This lecture series consists of 11 weeks with two classes each, these being: an introductory lecture and an application lecture. The introductory lectures aim to put every participant "on the same page" regarding a prerequisite of the following application lecture, whereas the application lectures aim to expose and apply an approach based on the contents explored in the introductory lecture to expand the understanding of Deep Learning methods. In the final week, we will have an additional panel featuring previous lecturers aiming to discuss the frontlines of this new field and wrapping up the content seen in the entirety of the whole event.

All meetings will be transmited and the links will be posted in this page. Don't worry if you miss any meeting, the recordings will be available at Data ICMC YouTube Channel!

Important:

All the highlighted in red will be taught in Portuguese
While all the lectures highlighted in blue will be taught in English
The full schedule of this page is in the São Paulo, Brazil (GMT -3:00) time zone, which can be quickly converted here
You can add this series of events to Google Calendar or any other calendar app you prefer.
This event does not offer any kind of certificate of attendance!

Week 1

Apr 19, 2021 06:00 PM (GMT -3:00)	Opening and introductory lecture 1: Introduction to Deep Learning (Portuguese) - Recording Link
	A Leo Sampaio (Universidade de São Paulo)
	Introduction to the basic principles of Machine Learning (ML); discussion of the importance of data and its representations for learning; introduction to the first Neural Network algorithms in the area; explanation of the concept of convolution and its application in convolutional neural networks; presentation of different deep network architectures (Deep Learning); introduction of the traditional concept of generalization, importance of representations and kernels.

Apr 23, 2021 02:00 PM (GMT -3:00)	Lecture 1: Understanding Generalization Requires Rethinking Deep Learning (English) - Recording link
	Boaz Barak and Gal Kaplun (Harvard)
	The generalization gap of a learning algorithm is the expected difference between its performance on the training data and its performance on fresh unseen test samples. Modern deep learning algorithms typically have large generalization gaps, as they use more parameters than the size of their training set.
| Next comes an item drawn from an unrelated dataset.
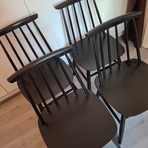 Myydään 6 kpl kuvan design tuoleja mustalla rungolla ja vihertävällä verhoilulla. Tuoleja on olemassa 18 kpl ja ne myydään 6 kpl:n erissä. Ilmoituksen hinta on yhdelle 6 kpl:n erälle.

Moreover the best known rigorous bounds on their generalization gap are often vacuous. In this talk we will see a new upper bound on the generalization gap of classifiers that are obtained by first using self-supervision to learn a complex representation of the (label free) training data, and then fitting a simple (e.g., linear) classifier to the labels. Such classifiers have become increasingly popular in recent years, as they offer several practical advantages and have been shown to approach state-of-art results. We show that (under the assumptions described below) the generalization gap of such classifiers tends to zero as long as the complexity of the simple classifier is asymptotically smaller than the number of training samples. We stress that our bound is independent of the complexity of the representation that can use an arbitrarily large number of parameters. Our bound holds assuming that the learning algorithm satisfies certain noise-robustness (adding small amount of label noise causes small degradation in performance) and rationality (getting the wrong label is not better than getting no label at all) properties. These conditions widely (and sometimes provably) hold across many standard architectures. We complement this result with an empirical study, demonstrating that our bound is non-vacuous for many popular representation-learning based classifiers on CIFAR-10 and ImageNet, including SimCLR, AMDIM and BigBiGAN. The talk will not assume any specific background in machine learning, and should be accessible to a general mathematical audience. Joint work with Yamini Bansal.
	Show / Hide Biography Bio: Boaz Barak is the Gordon McKay professor of Computer Science at Harvard University's John A. Paulson school of Engineering and Applied Sciences. His research interests include all areas of theoretical computer science and in particular cryptography and computational complexity. Previously, he was a principal researcher at Microsoft Research New England, and before that an associate professor (with tenure) at Princeton University's computer science department. Barak has won the ACM dissertation award, the Packard and Sloan fellowships, and was also selected for Foreign Policy magazine's list of 100 leading global thinkers for 2014 and chosen as a Simons investigator in 2017 . He serves on the editorial boards of several journals and is also a member of the Committee for the Advancement of Theoretical Computer Science and the scientific advisory board for the Simons Institute for the Theory of Computing. He wrote with Sanjeev Arora the textbook "Computational Complexity: A Modern Approach". Gal Kaplun is a third-year Ph.D. candidate at the Computer Science Department at Harvard University, under the supervision of Prof. Yaron Singer. Gal is working with the Harvard Theory of Machine Learning group, focusing on a deep understanding of Machine Learning models. Gal's research interests revolve around investigating the mysteries of Deep Learning---why and how overparameterized models generalize, what are the failure modes of Deep Networks, how can we make models robust to distribution shift and adversarial examples. At the moment, Gal is exploring the theory behind the emergent area of self-supervised learning, in particular, what is the driving mechanism behind contrastive learning

Week 2

Apr 26, 2021 01:00 PM (GMT -3:00)	Introductory lecture 2: From parametric models to Gaussian Processes (English) - Recording link / Slides
	Yingzhen Li (Imperial College London)

	Show / Hide Biography Bio: Yingzhen Li is currently a lecturer at the Department of Computing at Imperial College London. She is interested in building reliable machine learning systems which can generalise to unseen environments and approaches this goal using probabilistic modelling and representation learning. In general, she is also interested in transfer/meta learning, information theory, optimisation, and sequential data modelling.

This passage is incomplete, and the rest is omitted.